Bologna, il racket delle pompe funebri: 30 arresti. Duecento euro agli infermieri per un funerale. Furti e dileggio alle salme

“Gli ho messo una buccia di banana in mano, aveva fame…”. Le due bande avevano il monopolio delle camere mortuarie dei principali ospedali, Maggiore e Sant’Orsola. In carcere i titolari di Rip Service e Cif. Sigilli anche alle agenzie Golfieri, Franceschelli e Lelli. Codacons: “In Italia business da 3,5 miliardi”

R.it Bologna – di Giuseppe Baldessarro – 17 gennaio 2019

I carabinieri di Bologna hanno smantellato due cartelli di imprese di pompe funebri che controllavano le camere mortuarie dei due principali ospedali cittadini riuscendo in pratica ad avere il monopolio nell’aggiudicazione dei servizi funebri. Sono 30 le misure cautelari (9 in carcere, 18 arresti domiciliari e 3 divieti di esercizio dell’attività d’impresa) e 43 le perquisizioni eseguite da 300 militari che hanno sequestrato un patrimonio di 13 milioni di euro.

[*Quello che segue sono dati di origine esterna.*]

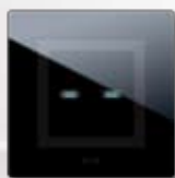
44PVTC22NAL Per 2 comandi "a scomparsa" per scatola tonda For 2 "hidden" controls for round boxes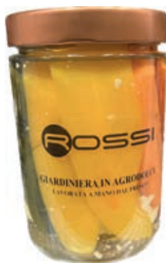
GIA120 GIARDINIERA IN AGRODOLCE GR. 540 X 6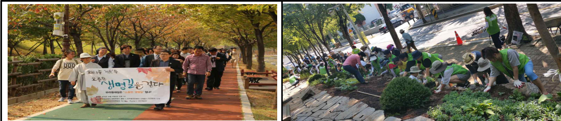
소중한 생명길 → 소생길 정원 (공동체 힐링공간 조성)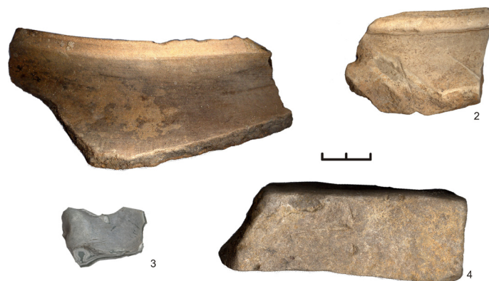
Рис. 5. Находки из землянки сибирских первопроходцев на Карачинском острове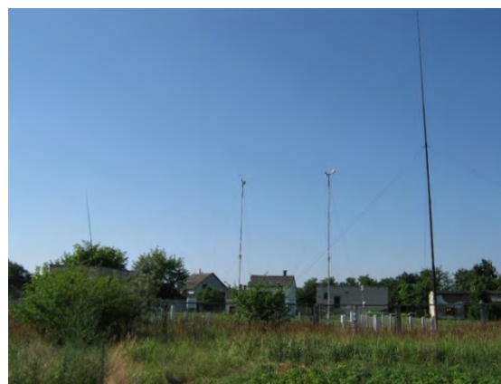
Рисунок 31.2- Площадка метеостанции №40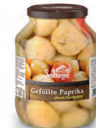
Gefüllte Paprika pikant, handgefüllt 1.700 ml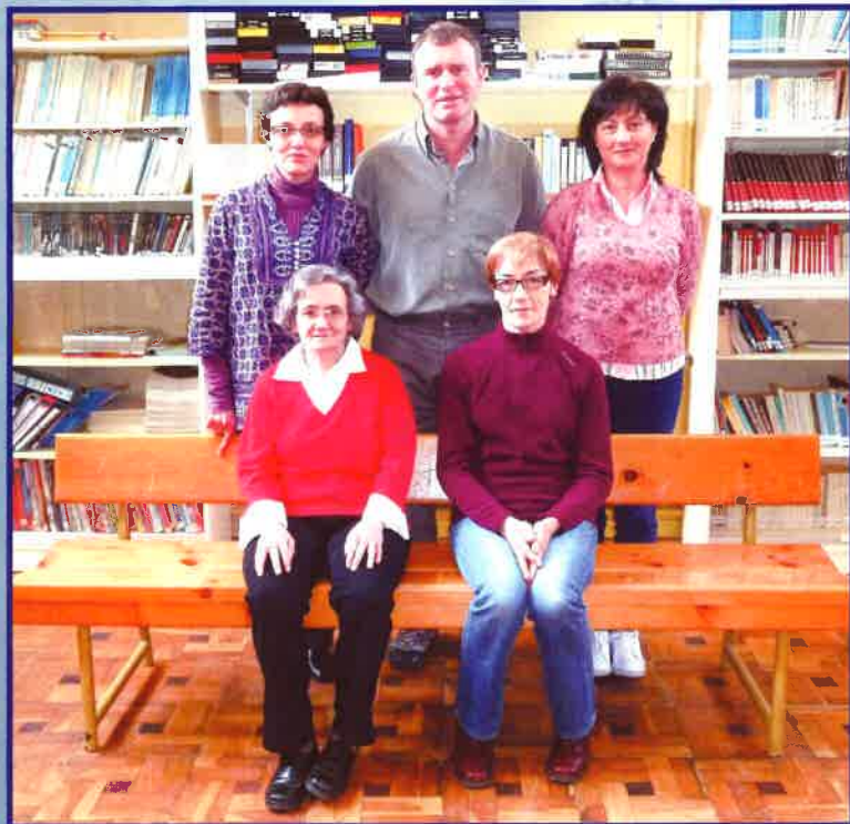
DE IZQUIERDA A DERECHA Y DE ABAJO ARRIBA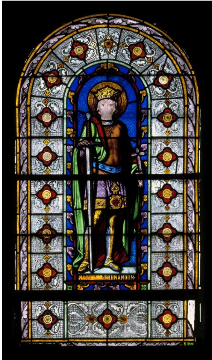
Vue générale de la verrière de la baie 7 : saint Ferdinand.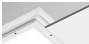
AVT LED, AVT e AVP (Encastre superior)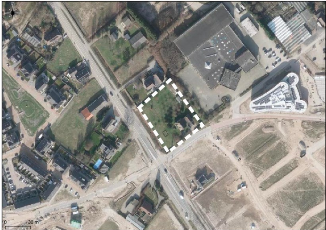
Figuur 1 Luchtfoto van het projectgebied (wit gestreept kader) aan de Griftdijk Noord 20 te Lent en directe omgeving.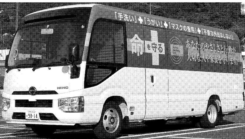
ビッグウェーブHDのPCR検査ができるマイクロバス

車買い取り専門店の運営などを行うビッグウェーブHD(浜松市東区)は、静岡県内外の5社と協力し、車内で水で希釈した殺菌・消毒剤をミスト状に噴射する。検査リステックは、静岡県内外の5社と協力し、車内で水で希釈した殺菌・消毒剤をミスト状に噴射する。検査リステックは、静岡県内外の5社と協力し、車内で水で希釈した殺菌・消毒剤をミスト状に噴射する。 検査リステックは、静岡県内外の5社と協力し、車内で水で希釈した殺菌・消毒剤をミスト状に噴射する。検査リステックは、静岡県内外の5社と協力し、車内で水で希釈した殺菌・消毒剤をミスト状に噴射する。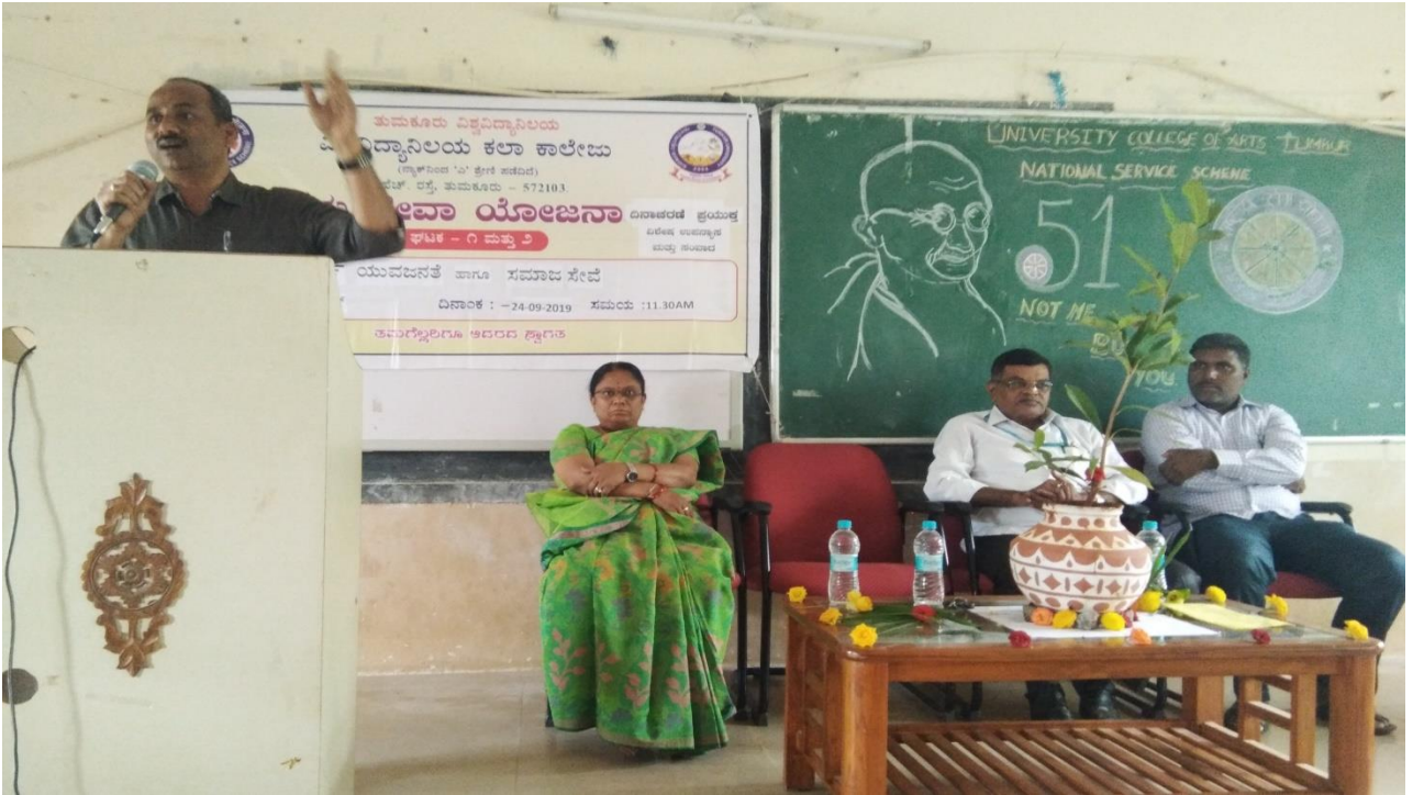
ರಾಷ್ಟ್ರೀಯ ಸೇವಾ ಯೋಜನೆ ದಿನಾಚರಣೆಯ ಸಂಬಂಧ ನಡೆದ ಉಪನ್ಯಾಸ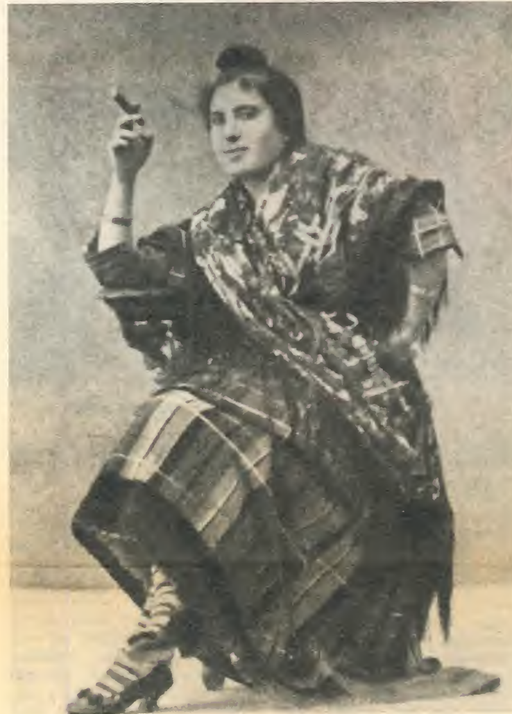
Pepa de Oro, una popular «cantaora» de la época, de quien se dice que enseñó a Antonio Chacón los cantes llamados de «ida y vuelta».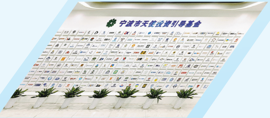
市天使投资引导基金投资的部分企业

对初创跟投，宁波不仅支持力度更大，还可形成整体效应：“初创跟投业务模式还将联动种子直投项目，优先中取优，多轮投资加持，强化对专业投资机构的吸引力，进一步提升对科技型初创企业的跟进投资覆盖面。”市天使投资引导基金管理团队负责人说。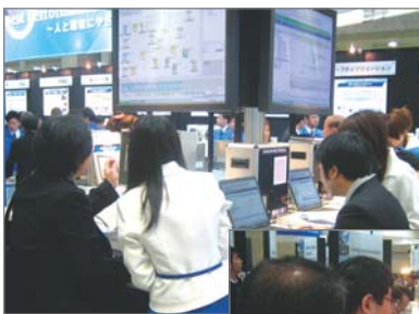
コントローラ体験コーナー

(e-メカサイト: http://www.e-mechatronics.com/ )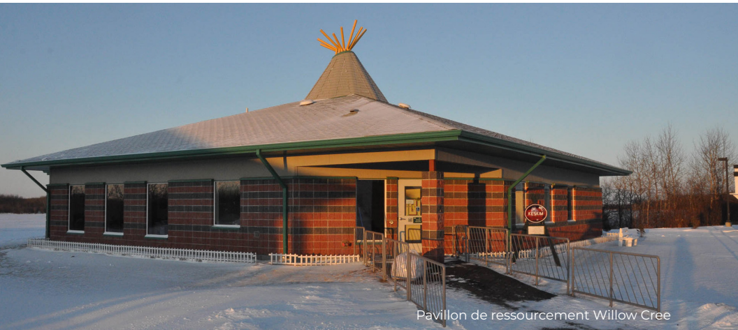
Pavillon de ressourcement Willow Cree

Les pavillons de ressourcement sont des installations axées sur les Autochtones conçues spécialement pour les délinquants(es) qui suivent un cheminement autochtone. Ils offrent des services et des programmes adaptés sur le plan culturel, fondés sur des valeurs, des traditions et des croyances autochtones, et axés sur la guérison et le lien avec la culture et les cérémonies autochtones. Les pavillons de ressourcement offrent aux délinquants(es) un environnement holistique qui les aide à se pencher sur les facteurs qui les ont menés(es) à leur incarcération. Ils les préparent à leur réinsertion sociale grâce aux liens avec la nature, à la participation à des cérémonies culturelles, aux enseignements spirituels, aux conseils spirituels de la part des Aînés et au maintien de liens avec la famille et les collectivités.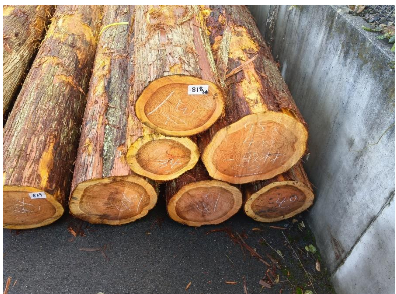
管理 NO.818 材長:4m 径級:34~50cm 6本 材積:4.050 m 3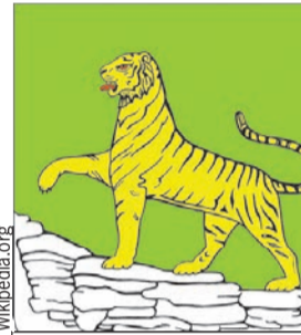
Тигр образца 2001-го.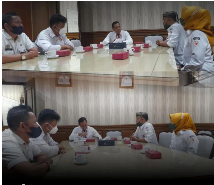
Gambar 1 Audiensi Bawaslu Kabupaten Klaten dengan Sekretariat Daerah Kabupaten Klaten

Bawaslu Kabupaten Klaten melakukan audiensi sebagai wujud koordinasi dengan stakeholder di Kabupaten memiliki tujuan agar selama tahapan pemilu 2024 dapat diwujudkan secara bersama-sama menciptakan pemilu yang adil, kondusif dan tidak memihak. Audiensi yang dilakukan Bawaslu Kabupaten Klaten dilakukan kepada Kapolres Klaten, Kejaksaan Negeri Klaten, Setda Klaten dan Kodim 0273/Klaten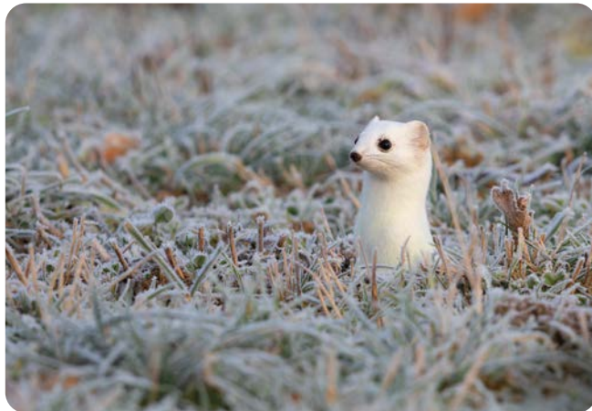
JANUAR Hermelin ( Mustela erminea ) im Winterfell Aufnahmeort: Neuenrade Platz 1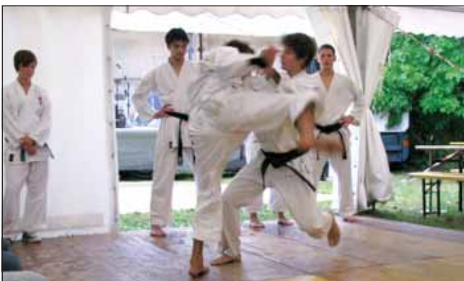
Karate klub Forum je navdušil udeležence s svojim nastopom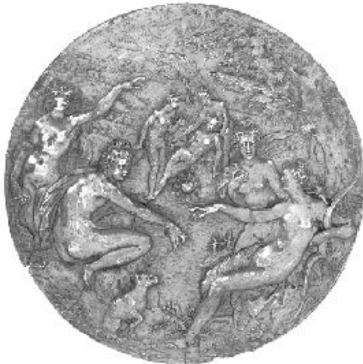
De plaquette, verkocht bij een veilinghuis in Londen.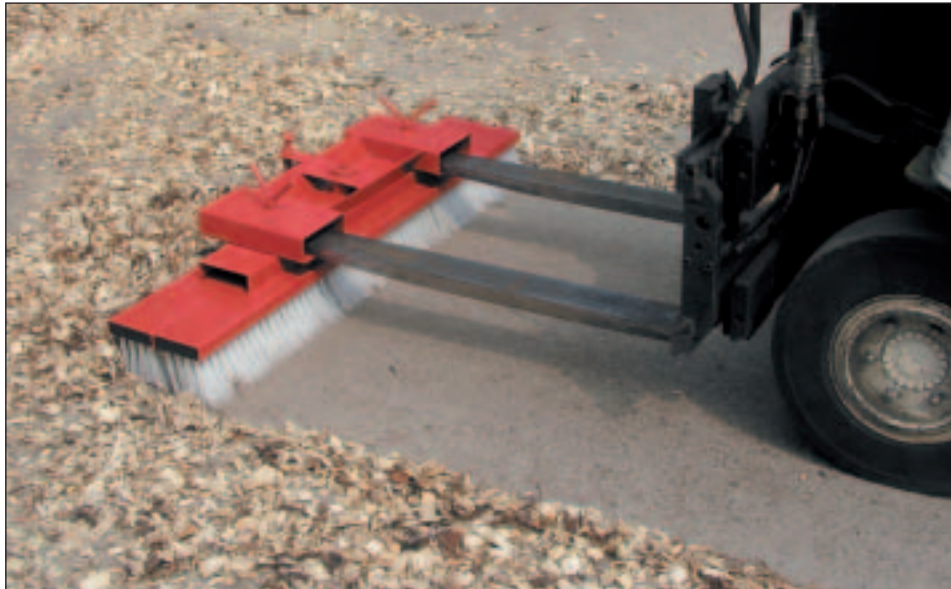
Typ SKB in Grundstellung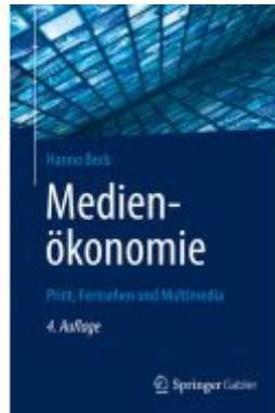
Medienökonomie Ladenpreis: 51,39EUR

TUTTI I NOMI Gli indagati: infermieri e impresari

Le indagini, coordinate dalla Procura della Repubblica di Bologna, hanno consentito di disarticolare una vera e propria associazione per delinquere finalizzata alla corruzione e riciclaggio. I due cartelli, come accertato dagli investigatori, si spartivano i servizi nelle camere mortuarie dell’Ospedale Maggiore e del Policlinico Sant’Orsola-Malpighi, ottenendo di fatto il monopolio nel settore.

Gli investigatori dei carabinieri hanno ricostruito due diverse piramidi ai cui vertici c’erano Giancarlo Armaroli, 68 anni, della “Rip Service srl” e Massimo Benetti, 63 anni, della “Cif srl” (entrambi arrestati). Due organizzazioni distinte che operavano alla stessa maniera, ma stavano ben attente a non “disturbarsi” tra di loro e che di fatto si erano spartite il mercato complessivo.

Al di sotto dei due “boss” agivano tutta una serie di soggetti, amministratori e dipendenti delle aziende di pompe funebri, che bazzicavano negli ambienti ospedalieri tenendo saldi rapporti con infermieri e dipendenti delle sale mortuarie. Ultimo anello dell’organizzazione erano proprio i dipendenti del Sant’Orsola e del Maggiore che svolgevano il ruolo di procacciatori d’affari e che indirizzavano i familiari delle persone decedute verso le società “amiche” ricevendone compensi che andavano dalle 200 alle 350 euro a funerale procacciato.

Denaro in nero che era gestito dai contabili delle aziende di pompe funebri attraverso un conto corrente sul quale nel giro di pochi mesi, secondo quanto accertato, sarebbero transitati centinaia di migliaia di euro. “Se dopo 20 anni che lavori nella sala mortuaria hai ancora da pagare il mutuo, vuol dire che non hai capito niente”, diceva uno degli infermieri intercettato dagli investigatori. Solti tanti soldi, tutti in nero (provenienti da una cassa occulta alimentata con false fatturazioni), per un servizio che per diversi anni ha completamente fatto saltare il mercato.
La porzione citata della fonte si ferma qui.